Шум, гам, крики солдат и рокот автомобильных моторов продолжались не менее двух часов.

Усталость и раздражение не проходили и после ужина.

Вечер на этот раз наступил как-то совсем незаметно. В палатке, в которой помещались Гейм и его бортмеханик, как, впрочем, и в большинстве других, началась игра в покер. Люди стремились убить время, успокоиться. Но отдохнуть не удалось.

Ночью в лагере объявили тревогу. Где-то выли сирены. Группа совершенно незнакомых людей в форме и без формы ввалилась в палатку, и один из штатских, по-видимому сыщик Федерального бюро, обратился к Гейму:

– Ваши люди все на месте, капитан?

– Да, – ответил Гейм.

– И вы могли бы поручиться, что они будут на своих местах до самого утра, пока начнется погрузка?

– О да, конечно, – заверил Гейм.

– Хорошо, посмотрим. Помните, что вы своей головой отвечаете за каждого из них. – Пересчитав присутствующих в палатке полуголых людей, сыщик удалился вместе с сопровождавшими его людьми.

После торопливого завтрака людей построили и провели перекличку. Все они были одеты теперь в специальное защитное противоатомное обмундирование с противогазами.

Длинные ряды грузовиков и автобусов поджидали солдат.

Уже почти рассвело, в пустыне заиграли светло-голубые предутренние тона, розовые блики заревом вспыхнули на далеких вершинах гор.

– До места испытаний сорок миль, – шепнул Кросби Гейму.

Длинная цепь машин медленно двигалась из низины к проходу в горах, в направлении на Юкка-Флэтс. Через каждые полкилометра стояли проверочные посты.

Миновали горный проход, вышли на плато и несколько прибавили ходу. Гейм и Финчли молча смотрели вперед, туда, где в утренней дымке скрывался атомный полигон.

Но вот машины остановились. Офицеры построили солдат и снова провели перекличку.

Из-под ног первых же шеренг поднялась сухая, плотная пыль. Тысячи людей сквозь эту пыль направились к месту, откуда они должны были наблюдать взрыв. Впереди каждой группы шал военный полицейский с номером автомашины на спине.

Вот и цепь траншей, одинарных и парных окопчиков.

Гейм и Финчли поместились вместе. Было шесть часов тридцать минут. Вокруг снова стало тихо. Тысячи людей молча следили за несколькими самолетами, летевшими на большой высоте.

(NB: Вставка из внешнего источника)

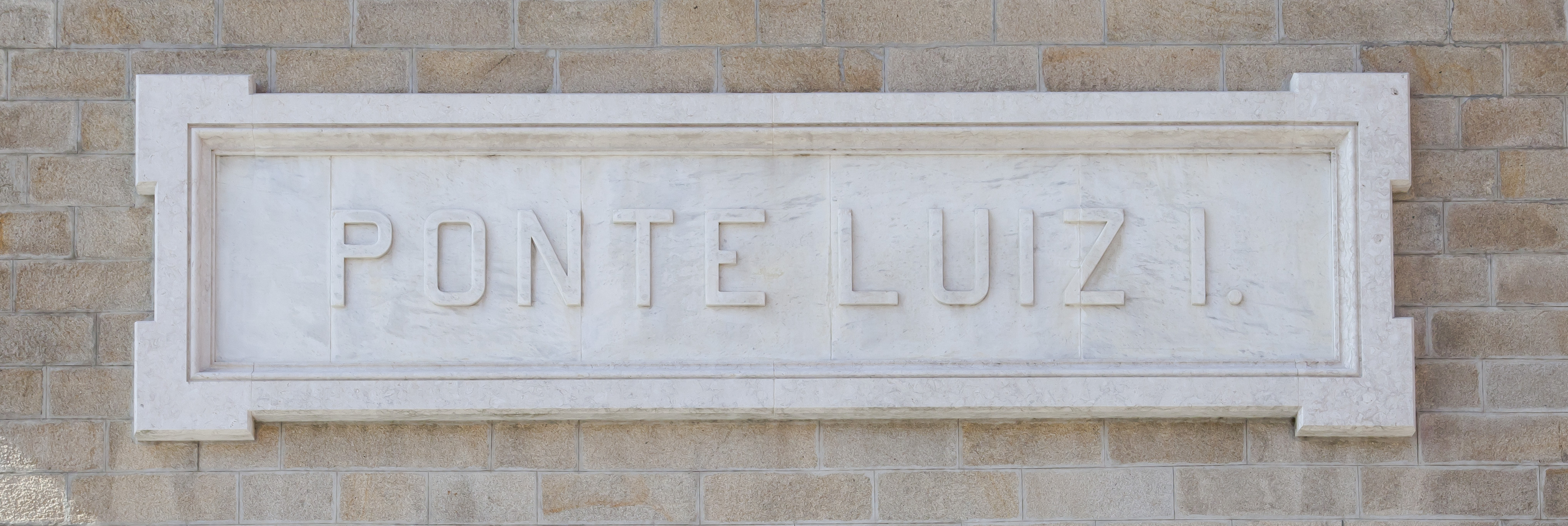 Dom Luis I bridge, Porto, Portugal
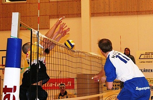 Finland volleyball player Timo Alanen hit againts Kyyjärven Kyky`s block 1. division game season 2006-2007.

– Уф… – с облегчением произнес Финчли, опускаясь на дно окопа. Наконец-то можно было отдохнуть – до момента взрыва оставался еще целый час. Заговорило радио. Сперва это были уже успевшие за эти дни надоесть наставления, как вести себя во время взрыва, какими при этом можно пользоваться очками и почему нельзя смотреть в бинокли, но потом ведущий передачу произнес нечто такое, отчего даже мужественный Гейм почувствовал себя в окопе весьма неуютно – надо было определить местонахождение нулевой точки, то есть той точки на поверхности земли, называемой иначе эпицентром взрыва, которая находится непосредственно под местом предстоящего взрыва атомной бомбы, взрыва, который будет произведен в воздухе на сравнительно небольшой высоте.

Нулевая точка! Где она? Это сейчас был вовсе не теоретический вопрос для большинства находящихся здесь людей.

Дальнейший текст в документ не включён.